Saheed Aderinto
Professor of History and Africa and African Diaspora Studies, Florida International University
Saheed Aderinto
Professor of History and Africa and African Diaspora Studies, Florida International University
Dr. Saheed Aderinto is a historian who uses unusual lenses such as sexuality, guns, animals and music to reexamine colonial identity and subjecthood in modern Africa, with a particular focus on Nigeria. He is a Professor of History and African and African Diaspora Studies at Florida International University.
Aderinto’s work challenges historians to think about what constitutes the past in completely new ways, to ask new questions about the makers of history and to question conventional assumptions about power, agency and authority. He aims to recalibrate conventional definitions of sources used to reconstruct African history.

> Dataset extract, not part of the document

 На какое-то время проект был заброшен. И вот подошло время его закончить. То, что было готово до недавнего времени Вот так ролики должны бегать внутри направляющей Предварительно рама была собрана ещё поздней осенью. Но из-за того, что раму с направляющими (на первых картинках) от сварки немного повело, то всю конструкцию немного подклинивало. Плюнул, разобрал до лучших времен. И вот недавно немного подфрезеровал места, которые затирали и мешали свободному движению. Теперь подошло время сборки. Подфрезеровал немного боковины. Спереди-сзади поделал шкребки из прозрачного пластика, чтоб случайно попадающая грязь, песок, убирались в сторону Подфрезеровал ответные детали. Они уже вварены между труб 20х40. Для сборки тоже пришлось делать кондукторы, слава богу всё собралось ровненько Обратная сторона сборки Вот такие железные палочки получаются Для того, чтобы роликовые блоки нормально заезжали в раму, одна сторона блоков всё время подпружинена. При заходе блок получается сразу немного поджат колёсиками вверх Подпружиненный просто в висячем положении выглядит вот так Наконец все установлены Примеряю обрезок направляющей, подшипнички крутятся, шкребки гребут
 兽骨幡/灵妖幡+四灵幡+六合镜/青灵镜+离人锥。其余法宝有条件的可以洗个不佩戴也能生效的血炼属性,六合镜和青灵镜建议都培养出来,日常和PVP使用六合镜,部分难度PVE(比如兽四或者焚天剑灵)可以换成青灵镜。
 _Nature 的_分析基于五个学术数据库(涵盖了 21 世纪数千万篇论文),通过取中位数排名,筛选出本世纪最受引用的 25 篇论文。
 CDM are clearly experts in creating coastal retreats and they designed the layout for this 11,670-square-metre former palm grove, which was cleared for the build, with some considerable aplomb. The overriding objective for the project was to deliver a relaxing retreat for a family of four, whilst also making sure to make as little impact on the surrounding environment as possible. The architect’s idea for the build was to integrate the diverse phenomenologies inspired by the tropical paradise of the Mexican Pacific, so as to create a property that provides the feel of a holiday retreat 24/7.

His work excavates previously unused sources and reexamines existing ones to mobilize innovative methodologies and vocabularies from multiple fields and render interpretations that take historical research in unexpected directions.

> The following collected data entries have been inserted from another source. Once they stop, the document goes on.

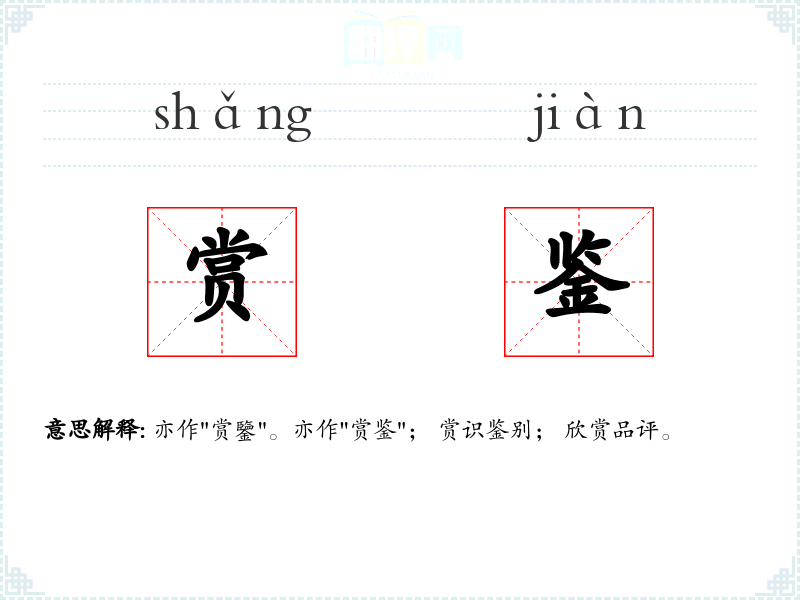 亦作"赏鑒"。亦作"赏鉴"; 赏识鉴别; 欣赏品评。
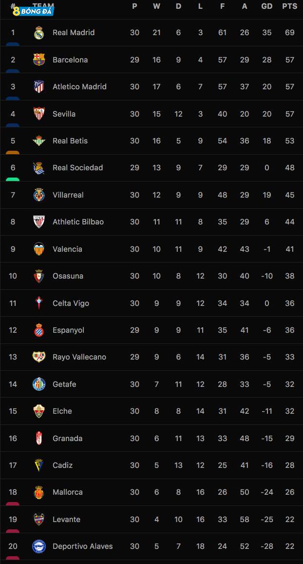 Với lợi thế 12 điểm có nghĩa là điều đó chắc chắn không thể xảy ra lúc này nhưng Barca đang ở vị trí dẫn đầu để về nhì, đây sẽ là một thành tích đáng kể đối với một đội mà chỉ vài tháng trước còn lo ngại về việc bỏ lỡ tốp 4. Khi Xavi tiếp quản vào tháng 11, họ đứng thứ chín.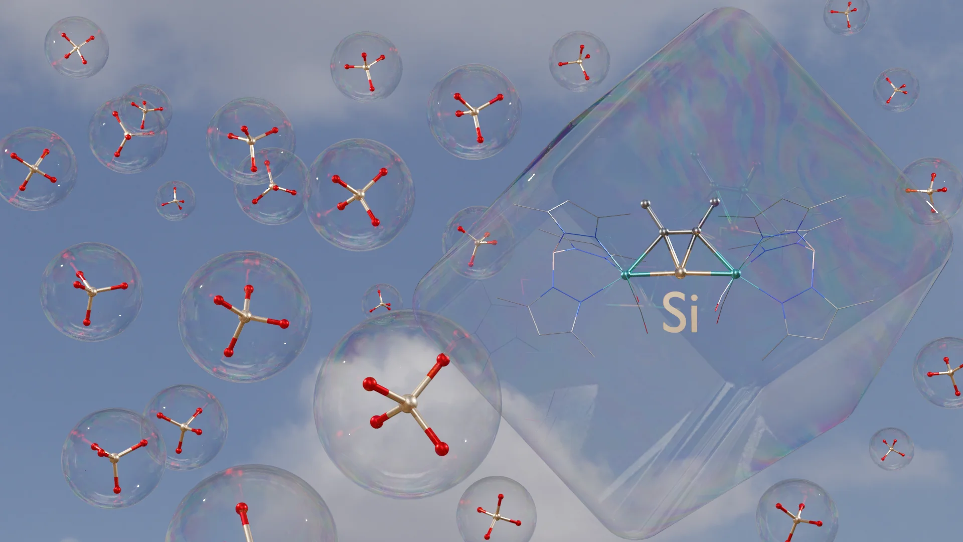 3D representation of one of the new molecules. Silicate ions in tetrahedral arrangement can be seen in the spherical soap bubbles for comparison. ptSi-bubbles-V1.png.webp image/webp Type image/webp Dimension Dimension 1920x1080 Size File size 103.1 KB Download View full-size image
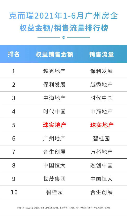 近日,易居企業(yè)集團(tuán)旗下克而瑞研究發(fā)布了1-6月廣州房企銷售金額榜單,同時由中國房地產(chǎn)指數(shù)系統(tǒng)、中指研究院主辦“2021半年度房地產(chǎn)市場趨勢報告會”也在京召開。珠實地產(chǎn)憑亮眼業(yè)績、品牌實力、優(yōu)質(zhì)服務(wù)等,榮膺克而瑞2021年1-6月廣州房企權(quán)益銷售及銷售流量排行榜前五及中指院“2021上半年廣州市房地產(chǎn)10強(qiáng)企業(yè)”前四,實力有為、再上新階。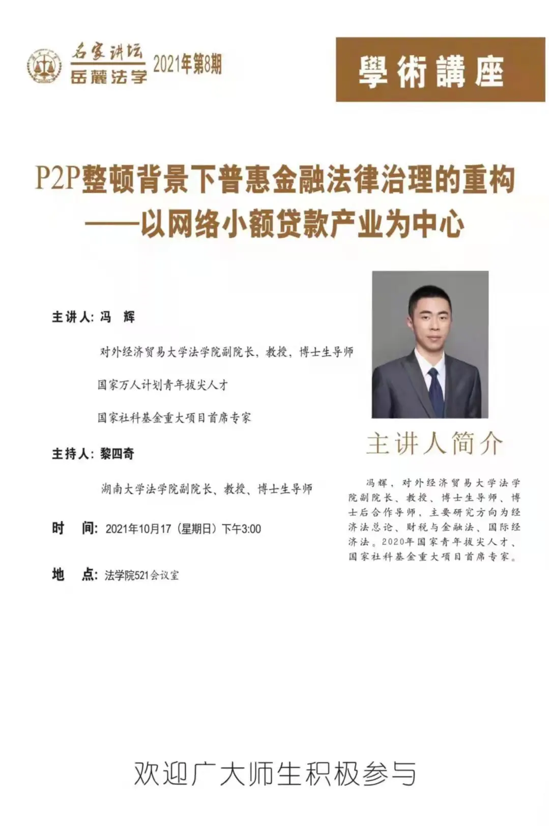 521会议室带来以“P2P整顿背景下普惠金融法律治理的重构——以网络小额贷款产业为中心”为主题的精彩的学术讲座。此次讲座由博彩平台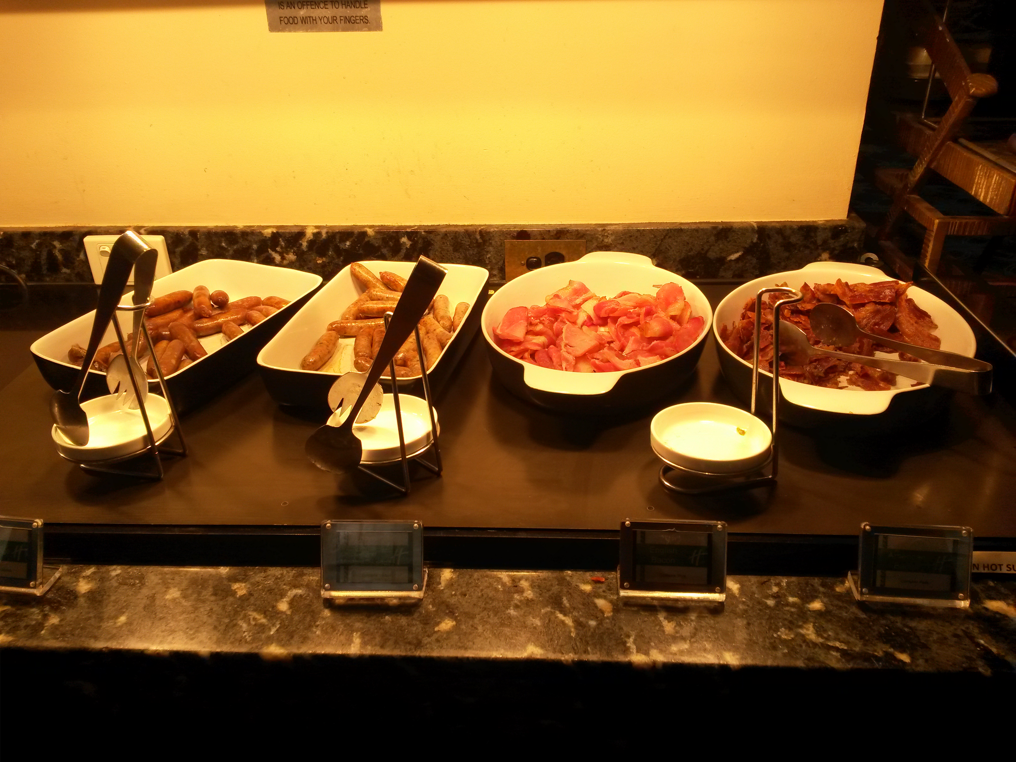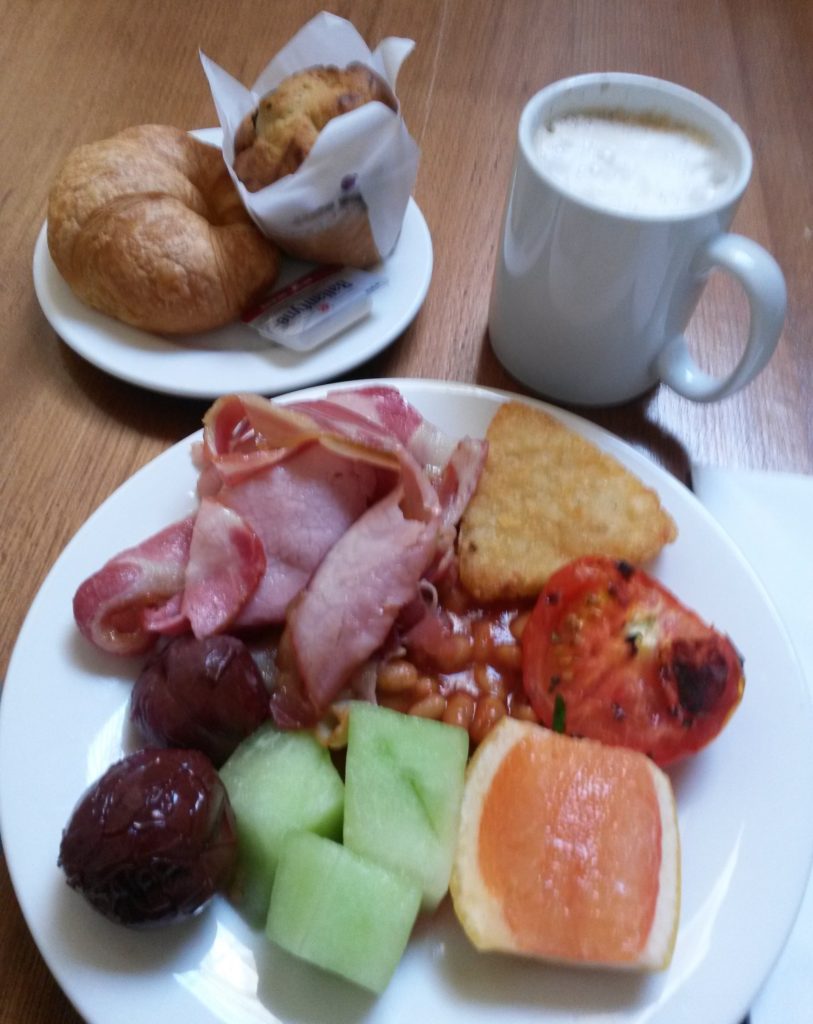 The offerings included fruit, yogurt, cereal, muffins, and pastries, as well as hot options including eggs, sausage, bacon and a few other offerings. Overall, it was a pretty good spread. You can’t read the signs in the photo, but they had both “American bacon” and “English bacon”. Sorry friends, the Brits outdo us on this one. I can’t do crispy bacon.

Aderinto describes himself as a serial methodologist and decompartmentalizing historian who adopts multiple disciplinary tools in understanding the past while blending different genres of history to reveal the complexities of people and events that came before us.
Aderinto has written a number of books, including When Sex Threatened the State: Illicit Sexuality, Nationalism, and Politics in Colonial Nigeria, 1900-1958 (University of Illinois Press, 2015), Guns and Society in Colonial Nigeria: Firearms, Culture, and Public Order (Indiana University Press, January 2018), and Animality and Colonial Subjecthood in Africa: The Human and Nonhuman Creatures of Nigeria (Ohio University Press, 2022).

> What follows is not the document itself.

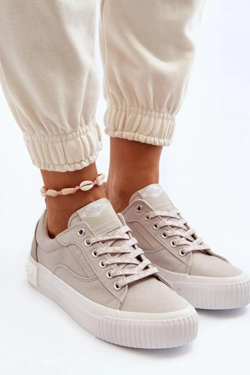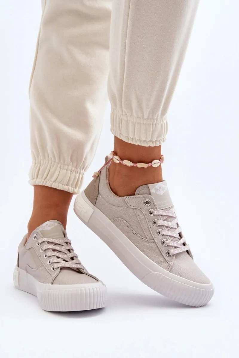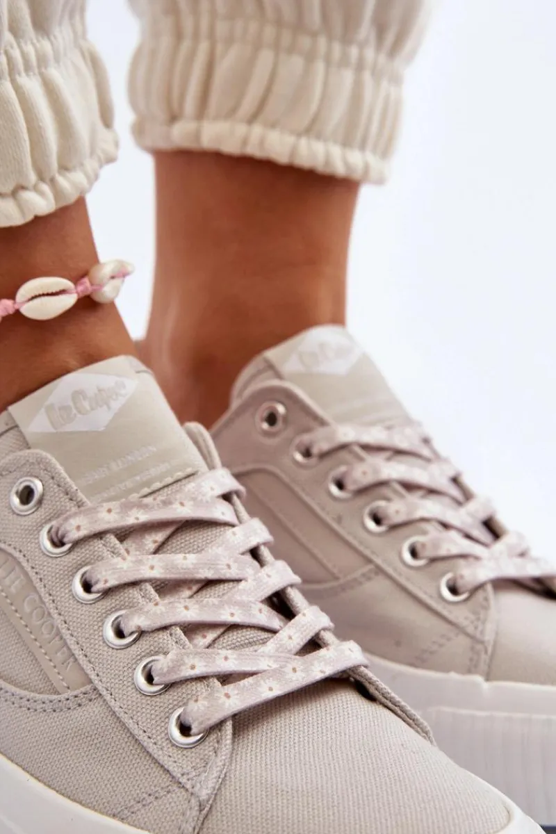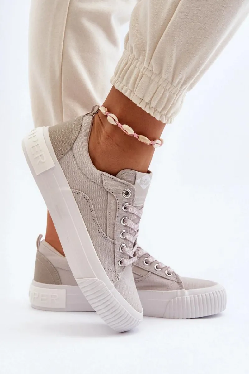 Trampki marki Lee Cooper to doskonały wybór dla tych, którzy cenią sobie zarówno wygodę, jak i styl! Wykonane z wysokiej jakości materiału tekstylnego. Posiadają klasyczne sznurowanie oraz duże logo marki umieszczone z tyłu na podeszwie. Miękka wkładka zapewni wygodę podczas użytkowania. Koniecznie powinnaś je mieć! Przy wyborze rozmiaru prosimy sugerować się poniższą tabelą rozmiarów.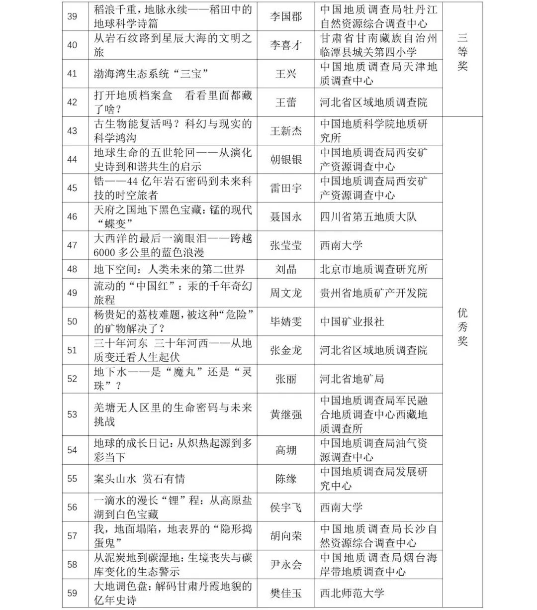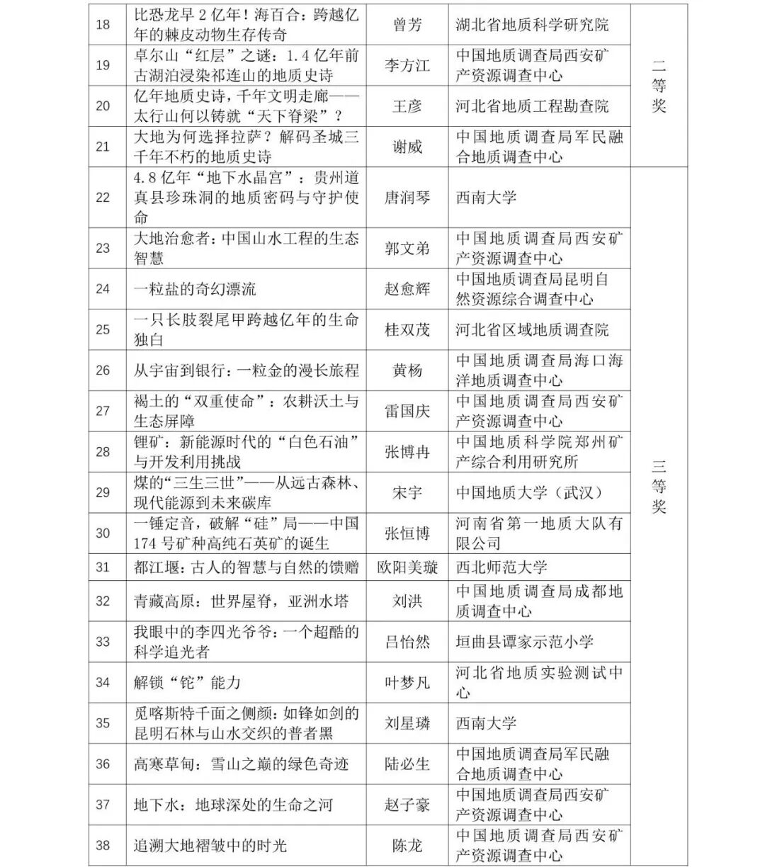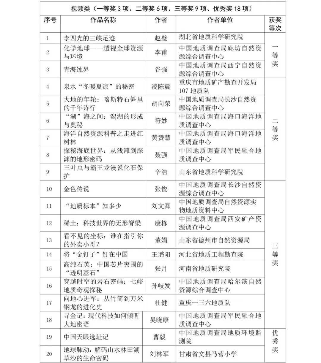 本次大赛共征集到来自210多家单位的各类科普作品1700余件,经过资格审查、初审、终审等流程,最终评出一、二、三等奖作品129个,个人优秀奖和优秀组织奖若干(详情见附件)。现将结果予以公示,公示期自11月3日至7日。公示期间,对公示的作品如有不同意见,请以书面形式,实名向中国地质图书馆(中国地质调查局地学文献中心)与李四光地质科学奖基金会反映。以单位名义反映情况的材料需加盖单位公章,以个人名义反映情况的材料应署实名并提供有效的联系方式。

His first book, When Sex Threatened the State, was the winner of the 2016 Nigerian Studies Association Book Award for being the “most important scholarly book/work on Nigeria published in the English language.”
Aderinto’s work has appeared in leading Africanist and specialist journals including the Canadian Journal of African Studies; Journal of Imperial and Commonwealth History; Journal of the History of Sexuality; Journal of Colonialism and Colonial History; History in Africa: A Journal of Method; Frontiers: A Journal of Women’s Studies; Africa: The Journal of the International African Institute; the Journal of Social History; and the Journal of the History of Childhood and Youth, among others.
He is currently writing a book and making a documentary about the history of Fuji music in Nigeria.
Aderinto received his BA in History from the University of Ibadan and his PhD at the University of Texas at Austin.